In hopes of satisfying diversity recruitment quotas, London's Metropolitan Police prioritized immutable characteristics prized by DEI consultants over candidates' relevant skills.
An inspector tasked with assessing police forces and policing has concluded that in the pursuit of this allegedly "noble and right" end, the Met police have dropped their standards and in some instances accepted applicants that could not competently read or write in English. Some recruits also happened to have significant criminal histories.
Illiterates on patrol
The Guardian reported that former Met Commissioner Dame Cressida Dick and London Mayor Sadiq Khan hammered out a deal in 2021 to ensure that 40% of new recruits came from black and minority communities. This was, in part, reportedly a decision made in response to the death of George Floyd and the BLM riots that ensued in the United States.
Prior to this arrangement, the target for representation on the basis of preferred immutable characteristics had be 19% of the overall force. At the time the arrangement was made, 15.4% of the force was black, Asian, and minority ethnic, or what English authorities lump together as "BAME."
Khan's administration suggested that the initiative was "generational," constituting "the most significant changes to policing and black communities since the Macpherson report."
Former Rear Admiral Matt Parr, a submariner turned inspector with His Majesty's Inspectorate of Constabulary, told the Telegraph, "Everyone is trying to do the right thing here and they are all acting from noble motives by and large, but the upshot is they are taking too much risk with people, and where they are taking risk — and I would support them in taking risk — they are not managing it properly as well."
Parr indicated that recruiters are "taking a risk" on minorities with criminal pasts, but suggested that is not the greater concern. The greater concern is the anecdotal evidence suggesting that in the pursuit of greater diversity, the force has apparently ended up lowering its recruitment standards to onboard persons "functionally illiterate in English" — officers incapable of properly writing up a crime report.

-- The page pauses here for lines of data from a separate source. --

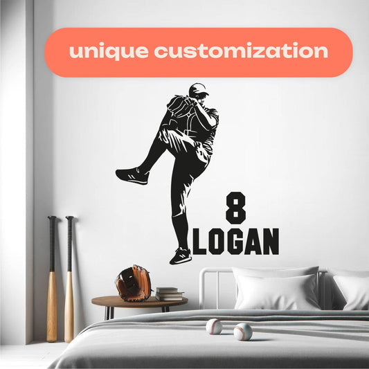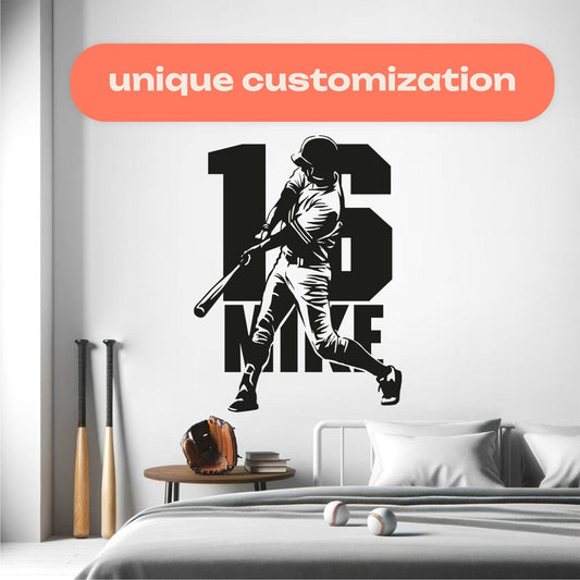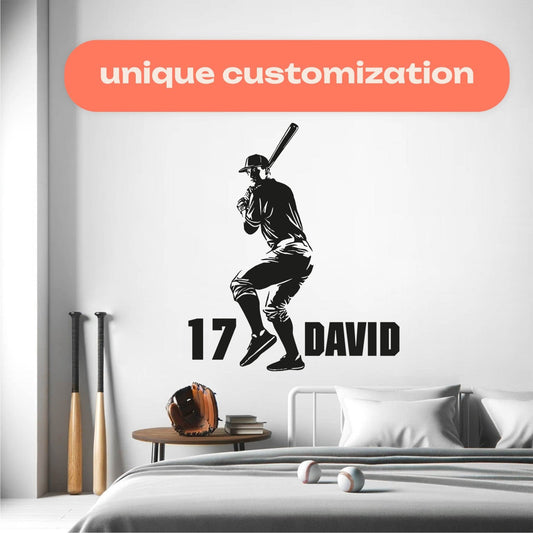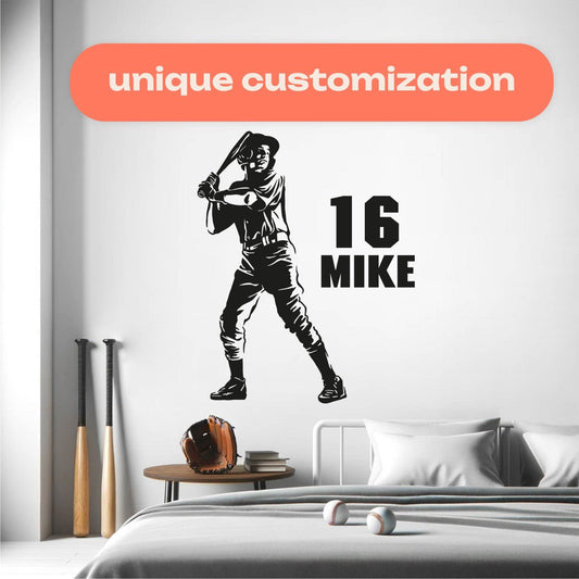 Elevate your little slugger's bedroom with a custom baseball wall decal from our collection. Each decal features a dynamic baseball player silhouette alongside their personalized name, creating a one-of-a-kind space that celebrates their passion for the game.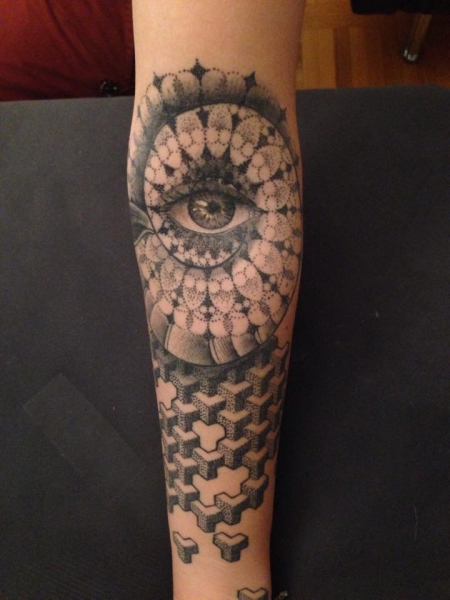 Dotwork unterarm mit 3D elementen, eher realistisches Auge und grafisches mandala in einer muschel.. anlehnung an die geometry in der natur.. ca. 5h, 2 sitzungen. abgeheilt. Gesamt-Durchschni ...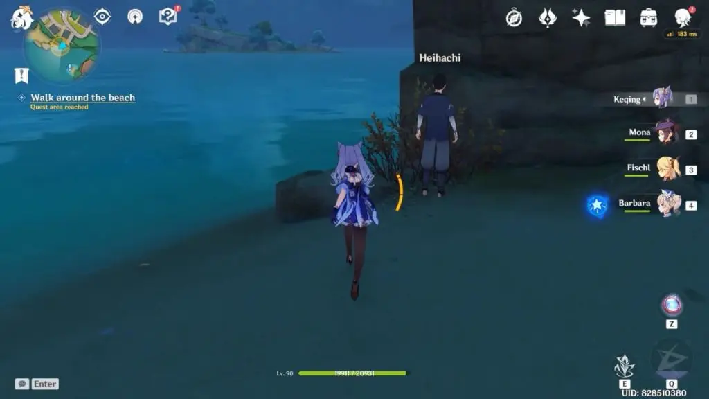 You’ll be asked to walk around the beach. Talk to Heihachi who is hiding behind the rock. Talking to him will trigger the next part of the quest.

Parr appears at pains to note the failure of this initiative so far, given that he regards it as essential that London — "which will likely be a minority white city in the next decade or so — should not be policed by an overwhelmingly white police force."
According to Parr, for London police to have too many of one racial group, regardless of their competence, is "clearly wrong ... from a legitimacy point of view, and from an appearances point of view."
Notwithstanding this shared desire to reduce the relative number of white people on the police force in England's capital city, Parr suggested that dropping standards to achieve that goal will prove troublesome.
"We have a risk of recruiting the wrong people," he said, highlighting how the new Met commissioner, Mark Rowley, reportedly indicated his desire to "dial down the requirement to meet those targets."
Bobbies from both sides of the bars
The Inspectorate of Constabulary issued a report in November revealing some of the ways that recruiters have apparently dialed down the requirements to meet targets.
Inspectors found applicants who had received vetting clearance despite having previously committed robberies, indecent exposure, DUIs, and domestic abuse-related assaults. There was reportedly little indication that recruiters took into account the possible seriousness of the offenses.
For example, one applicant who passed the recruiters' vetting had previously exposed his genitals to a female victim on numerous occasions, masturbating before her in at least one instance.
Another would-be cop had previously knocked over and robbed an 80-year-old woman. Again, he received vetting clearance.
The inspector's report also found that a number of applicants were cleared despite having close ties to organized criminal groups.
Identity politics apparently has also prevented molesters from being relieved of duty.
The inspector's report noted that a police officer had engaged in improper sexual touching of a member of the public as well as of junior officers. There were, in response, multiple complaints.
The offending officer then applied to transfer to another location. Despite knowing about the allegations, the chief constable at the second location cleared the transfer "on the grounds that accepting the transferee would make the force more diverse" — a decision in which the report's authors suggested "undue weight [was given] to diversity considerations at the expense of an objective assessment of the facts."